Фрейд сознает, что из этой его теории следует, будто сексуальное насилие совершил и его собственный отец:
„Отцам всех моих пациентов, включая и моего собственного, должно быть предъявлено обвинение в извращениях“. Придя к выводу, что причина „легкой истерии“ его пациентов и его собственной кроется не в этом, Фрейд снова погружается в полную растерянность: „Я понятия не имею, куда меня занесло из-за того, что мне не удалось найти теоретическое обоснование репрессии и механизмов ее действия“. Он сознает свое родство с Гамлетом и цитирует Флиссу принца: слова о состоянии „готовности“
[145]. Наконец, в октябре наступает ясность, то есть возникает новая теория, подсказанная литературными героями: царем Эдипом и Гамлетом. Охваченный волнением Фрейд пишет Флиссу:
…мне пришла в голову одна идея, имеющая универсальное значение. Я обнаружил, и в своем случае тоже, феномен влюбленности в мать и зависти к отцу — теперь я считаю это явлением всеобщим, характерным для периода раннего детства… И если это так, то становится понятна власть, которую имеет над нами Царь Эдип. Греческий миф посвящен теме необъяснимого влечения, которое каждый знает по себе. Каждый из зрителей был когда-то маленьким Эдипом в своих фантазиях и каждый содрогается от ужаса, наблюдая осуществление этой мечты, перенесенной в реальность.
Если трагедия Софокла породила теорию и дала ей название, то „Гамлет“ лишь укоренил ее:
У меня мелькнула мысль, что на том же, возможно, основан и Гамлет. Я не говорю, что таково было сознательное намерение Шекспира, я скорее склоняюсь к мысли, что некое реальное событие побудило поэта создать образ героя, в чьем бессознательном отразилось собственное бессознательное автора.

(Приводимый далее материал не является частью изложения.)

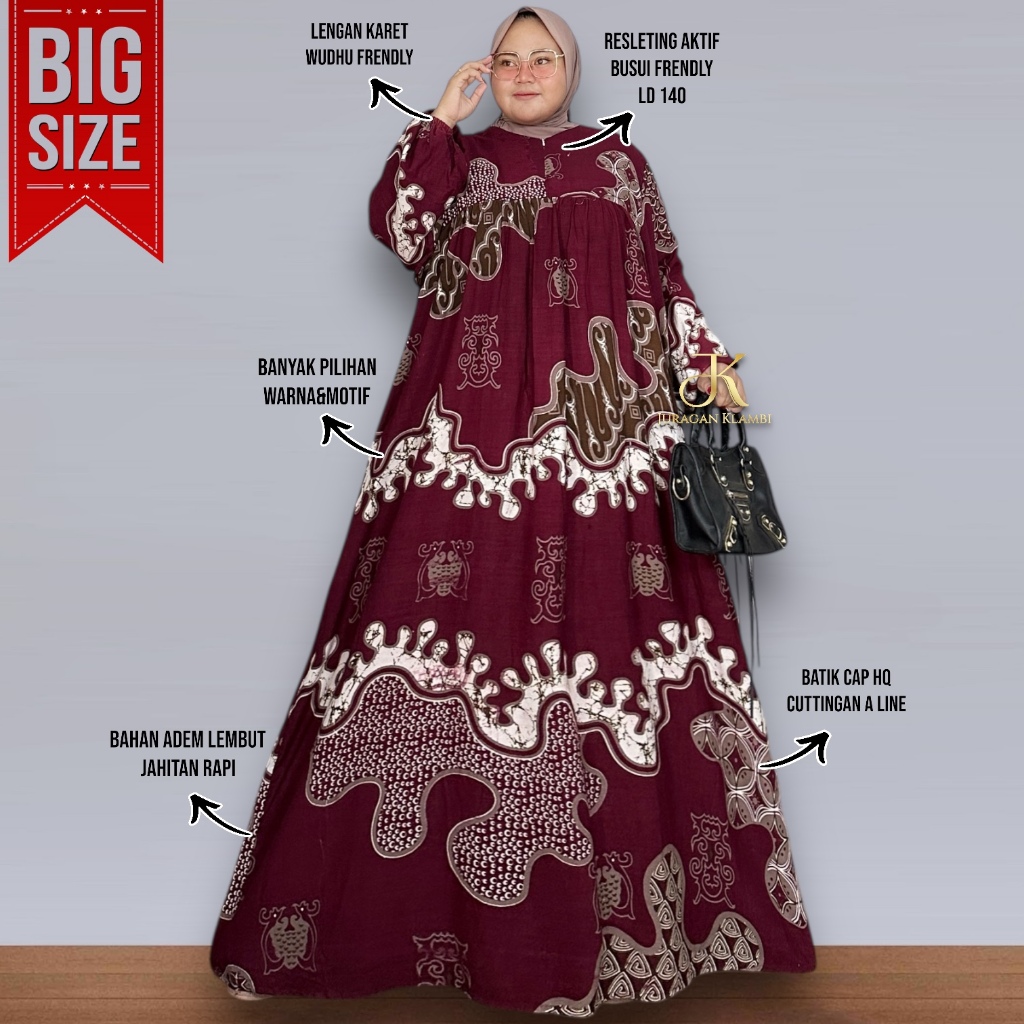 Gamis Home Dress Batik Jumbo LD140 Estimasi BB 80-130kg Adem Lembut Nyaman Free Bros ByJuraganKlambi
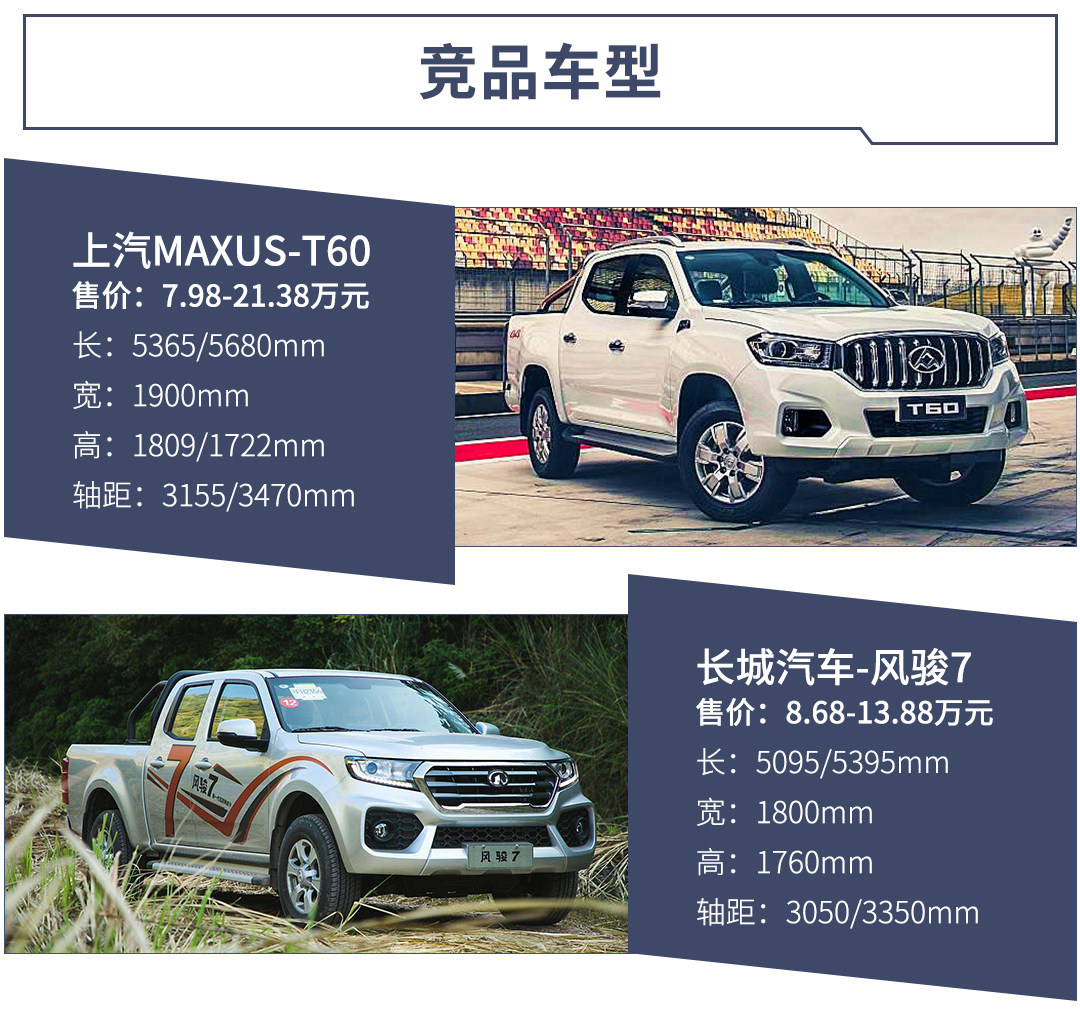 凯程F70的主要竞品,包括同样兼具一定越野玩乐性质的上汽MAXUS T60和长城风骏7。与这二者相比,凯程F70无疑相对弱势,主要是因为两位对手都提供了标准货斗和长货斗的版本,而动力总成组合搭配同样丰富,给用户选择的余地更多,更别说T60还有自动挡版本了。此外,长安轻型车作为皮卡市场的后来者,在品牌推广方面还需要加强,产品口碑还有待时间检验,可以这么说,皮卡是否可靠耐用,比其它任何指标都重要。
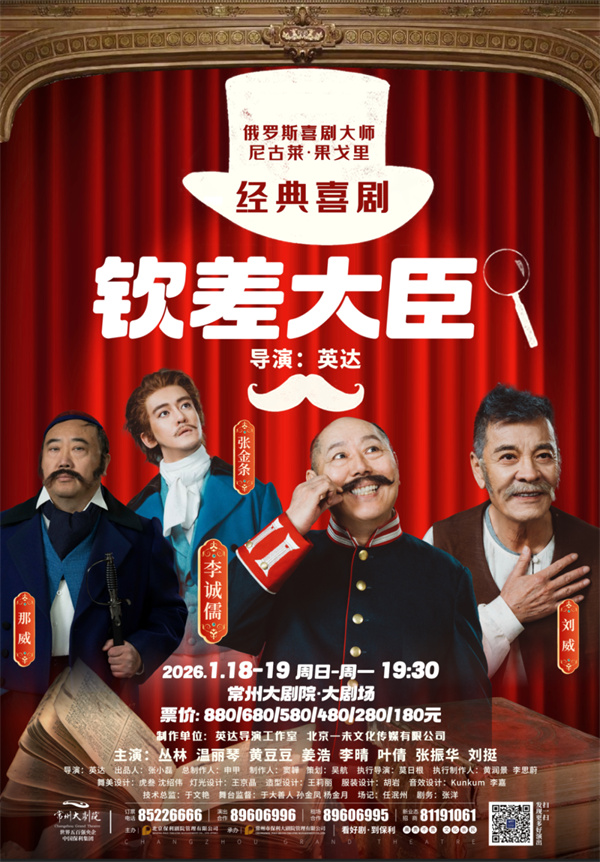 新年将至,好戏连台。常州大剧院2026新春演出季即将迎来一部备受瞩目的重磅大戏——经典喜剧《钦差大臣》明星版。该剧由著名导演英达领衔,携手李诚儒、刘威、张金条、那威、丛林、温丽琴、黄豆豆等一众实力派演员倾力打造。演出将于明日(12月12日)中午12:00正式开票,并于2026年1月18日至19日登陆常州大剧院,连演两场,为新年注入第一道欢乐风暴。

Поразительное утверждение! Фрейд предполагает, что Шекспир не позаимствовал и не придумал испытания, выпавшие на долю Гамлета, а сам пережил нечто подобное. „Реальное событие“ — смерть отца, произошедшая незадолго до того, как Шекспир принялся сочинять пьесу, — „запустила“ в сознании драматурга механизм неоднозначных эдиповых ассоциаций, сходных с теми, что возникали у самого Фрейда после смерти отца.
Самоанализ позволил Фрейду разобрать пьесу, используя перенос (примерно в том же духе, в каком он толковал ощущения, остававшиеся у него от собственных снов), и обнаружить следы глубоких эдиповых ассоциаций, рождавшихся в сознании драматурга после смерти отца. Ощутив близость своего психического состояния состоянию Шекспира и Гамлета, Фрейд уверился в возможности успешной диагностики истерии, которую переживает каждый. С точки зрения Эрнеста Джонса в этом не было ничего удивительного: „Фрейд разгадал загадку и этого сфинкса, как разгадал загадку фиванского“.